使用带有反向引用的re.sub,我们可以尝试:

inp = 'Hey there There'
output = re.sub(r'(\w+) \1', r'\1', inp, flags=re.IGNORECASE)
print(output)  # Hey there

这里使用的正则表达式模式表示:

(\w+)  match and capture a word
[ ]    followed by a space
\1     then followed by the same word (ignoring case)

然后,我们用第一个相邻的单词替换.

xhv8bpkk

xhv8bpkk2#

inp = 'Hey there There'
output = re.sub(r'\b(\w+) \1\b', r'\1', inp, flags=re.IGNORECASE)
print(output)  # Hey there

inp = 'Hey there eating?'
output = re.sub(r'\b(\w+) \1\b', r'\1', inp, flags=re.IGNORECASE)
print(output)  # Hey there eating?

\b确保单词边界并捕获整个单词而不是字符。
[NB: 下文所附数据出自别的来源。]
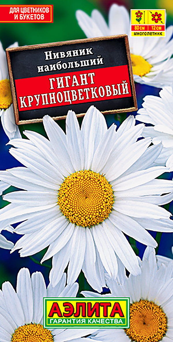 Семена Нивяник Гигант. Популярный зимостойкий многолетник с крупными соцветиями-корзинками ø 11-13 см. Стебли прямые, прочные, высотой до 80 см. Цветение обильное, продолжительное – с середины лета до заморозков. Растения неприхотливые, предпочитают солнечные места с плодородными, умеренно влажными почвами. Хорошо смотрятся в групповых посадках в цветниках, на фоне кустарников, в высоких бордюрах вдоль дорожек. Сорт дает отличный материал для срезки, соцветия стоят в воде 9-10 дней. Агротехника. Посев семян непосредственно в открытый грунт под зиму, в конце октября, или ранней весной. Возможен посев на рассаду в марте, с высадкой рассады на постоянное место в конце мая. Необходимы регулярные поливы, прополки, рыхления и подкормки. Взрослые кусты каждые 2 года рекомендуется омолаживать делением.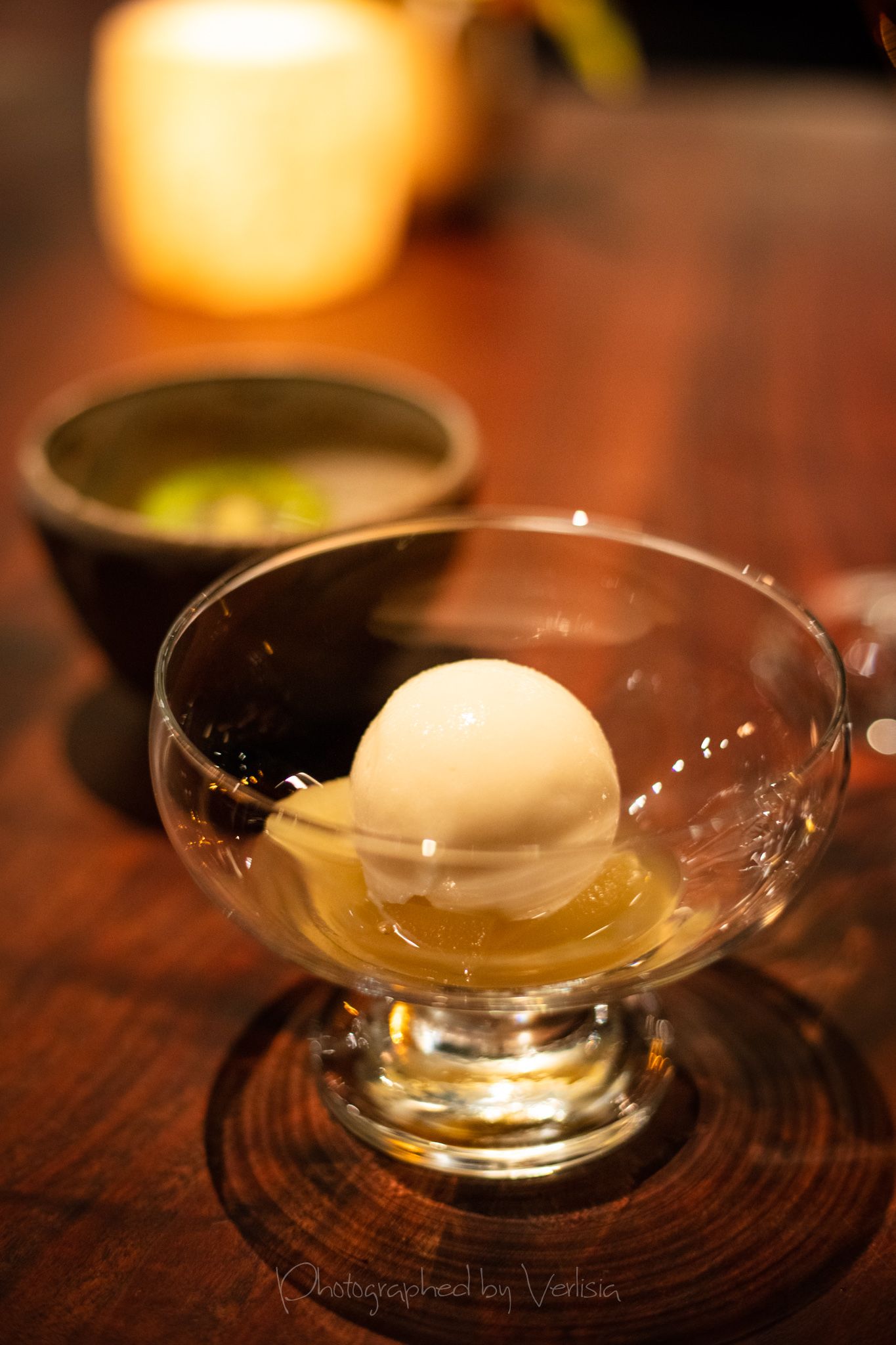 Pear & Yuzu, Kiwi with Cognac & Madagascar Vanilla, Smoked Sundau

第二个测试用例(“Hey there eating?”)不适用于Tim Biegleisen给出的https://stackoverflow.com/a/68481181/8439676答案。

c0vxltue

c0vxltue3#

递归删除相邻重复单词

def removeConsecutiveDuplicateWors(s):
        st = s.split()
        if len(st) < 2:
            return " ".join(st)
        if st[0] != st[1]:
            nw =  ("".join(st[0])) +" "+ removeConsecutiveDuplicateWors(" ".join(st[1:]))
            return nw
        return removeConsecutiveDuplicateWors(" ".join(st[1:]))
      
    
    string = 'I am a duplicate duplicate word in a sentence. How I can be be be removed?'
    print(removeConsecutiveDuplicateWors(string))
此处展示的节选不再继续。